Tangled Webs

I spent the day checking in with my husband, making sure he was still okay, that everything was still okay. I cooked beautiful bologna and hand made egg fettuccine. I stood in the kitchen, tense, worrying about what this could lead to, whether my husband would change his mind, whether I would change mine. The hours dragged by so slowly. Pulling the eggs through the flour was a welcome relief. I made a well with the flour and added first two whole eggs and then four yolks bit by bit pulling it through the flour with my hands. I don't like to use cutters or recipes. I love to feel what I am doing, to understand what it needs to be perfect. It needed another yolk. As I pulled the dough together across the bench, over and over I forgot everything else - there was just the rhythm and the texture. I set the dough aside to rest and called my husband.

He was second guessing or maybe it was me, wanting him to. I hung up the phone and started to gently push the dough through the machine until that sound came, the small sucking sound indicating the release of the dough. I tightened the settings and started again. I wound over and over, finding comfort in the familiar repetitive actions, until the dough became pasta and the pasta became perfect. I cut it, hung it and there it sat, waiting. Beautiful, wide, yellow ribbons. I felt much the same - hung out to dry in anticipation, just waiting to be eaten alive. I was not sure if I would be eaten alive with reckless, savage, abandon or whether I would be consumed by guilt.

He pulled up and walked in. My kids were there and my best friend, my brother and sister in law - everyone was getting together for dinner. My girlfriend can read me like a book. I know she doesn't approve of the idea, let alone the practice. I told her I had spoken with my husband about an open relationship and she got very upset telling me I should make sure he is not cheating. She shook her head and knitted her eyebrows together exclaiming men are pigs and that it would lead to a very bad place. She was in the middle of a major heart-break. I did not tell her it was me who asked. I did not tell her it was me who wanted it. I could see her indignation on my behalf and feel her disgust at my husband for even thinking of putting me through such torture. I did not correct her.
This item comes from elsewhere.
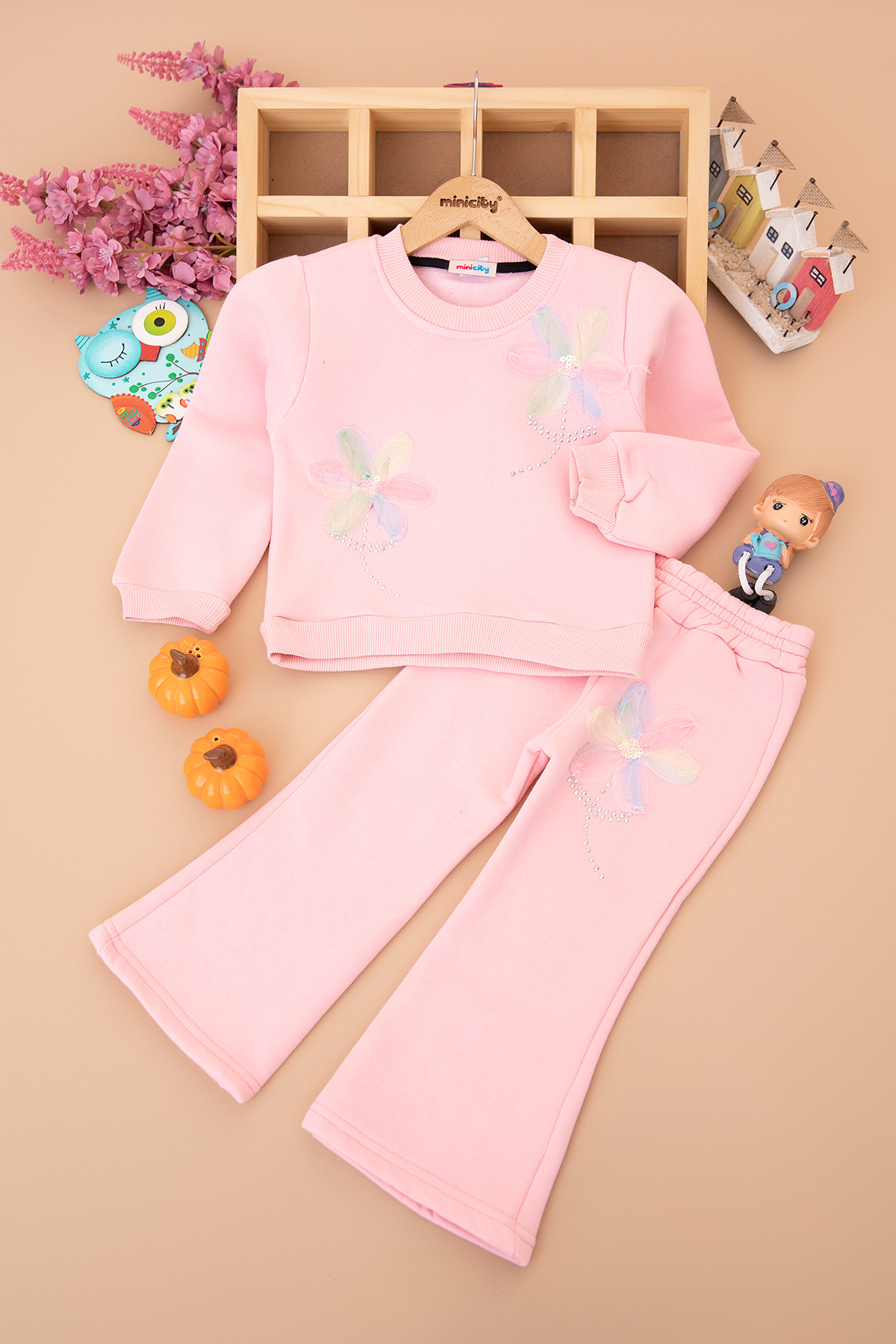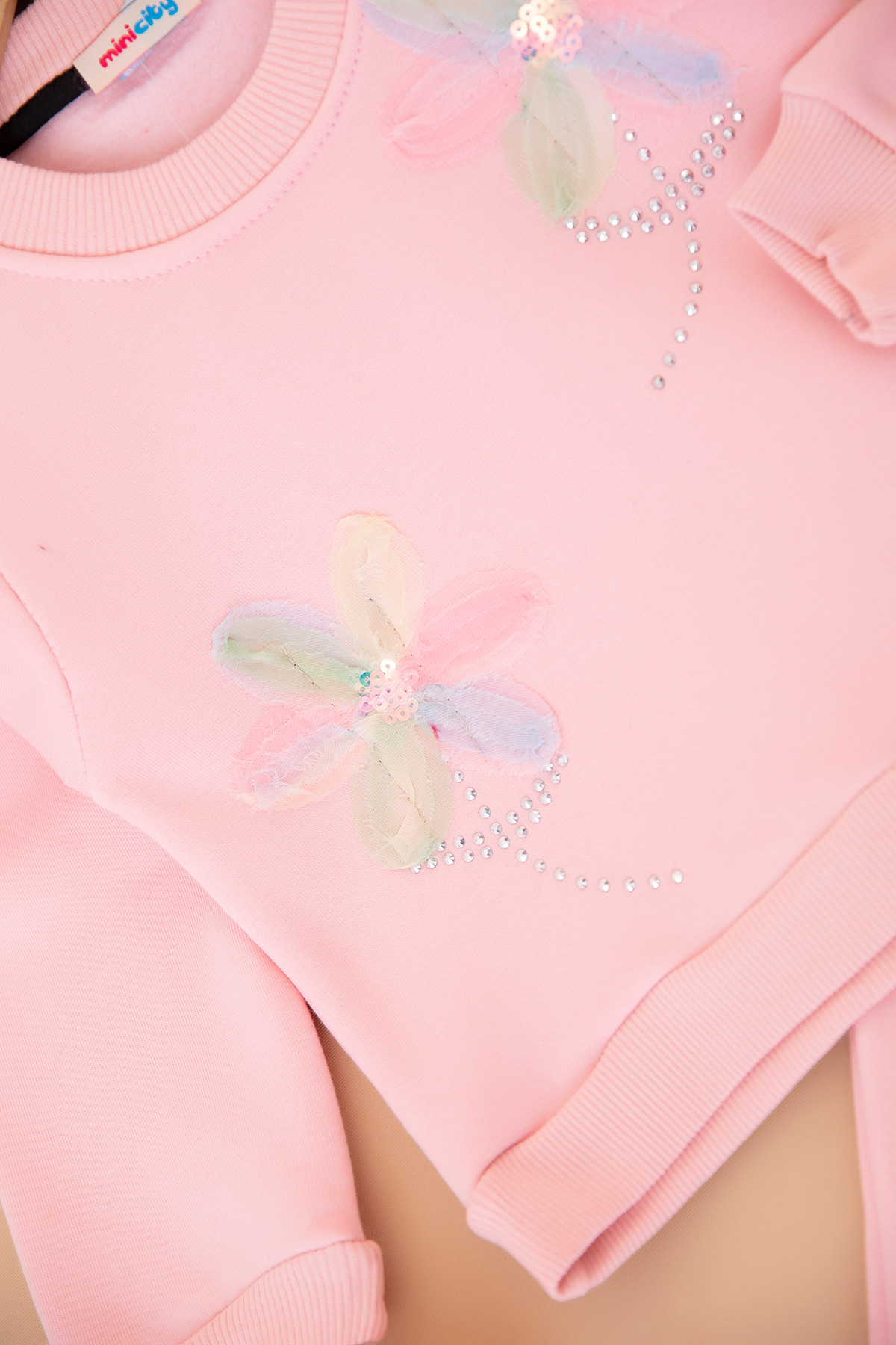 Kız Çocuk Tüllü Çiçek Nakışlı Üçip Takım (2-10 Yaş)

I had not told her where I was going that night - I had no intention of telling her. My husband understood all of this and watched me squirm as I made vague gestures about where I was going, what I was doing, when I would be home. I could see his small delight in my discomfort as I repeated the story for my brother and his wife. I felt transparent, like they could see I was being untruthful, like they knew where I was going.

The complexities of honestly managing my other relationships had never really occurred to me as a problem within the context of this understanding. I had mistakenly thought that it would involve myself, my husband and any partners we chose to bring into our beds or whose beds we chose to visit. The need to explain away a night out only served to propel my anxiety to a whole new level.

I had many conversations with this man over the previous few days and weeks talking about what he would do, what I would do but now here it was. What happened if I did not like it? What would happen if I changed my mind? What happened if I wanted it all to stop so I could run home to my husband, tell him I loved him and that it was all a big misunderstanding? What happened if my husband was upset and it did not bother me? Worse still what happened if I liked it, if I didn't care, if I wanted it more?

I needed to go quickly before he changed his mind or maybe before I changed mine. I said goodbye to my girlfriend, brother and sister-in-law. I kissed my children and told them to make sure they got enough rest. I went outside to where my husband was playing fetch with the dog. I looked up at him, the man I had promised myself to unconditionally. He wrapped his arms around me, looked down into my eyes and I could swear a small smile grazed his mouth. I could not tell if it was sad, wistful, happy or angry. He spoke softly so no one could hear. "I love you. Stay safe, have fun...and call me if you need me." I hugged him tight but did not kiss him, then nodded and walked out. I was breathing hard, heart racing, terrified, exhilarated, wondering if I could really do this.

I got in the car, turned the music up loud and drove headfirst into my uncertainty.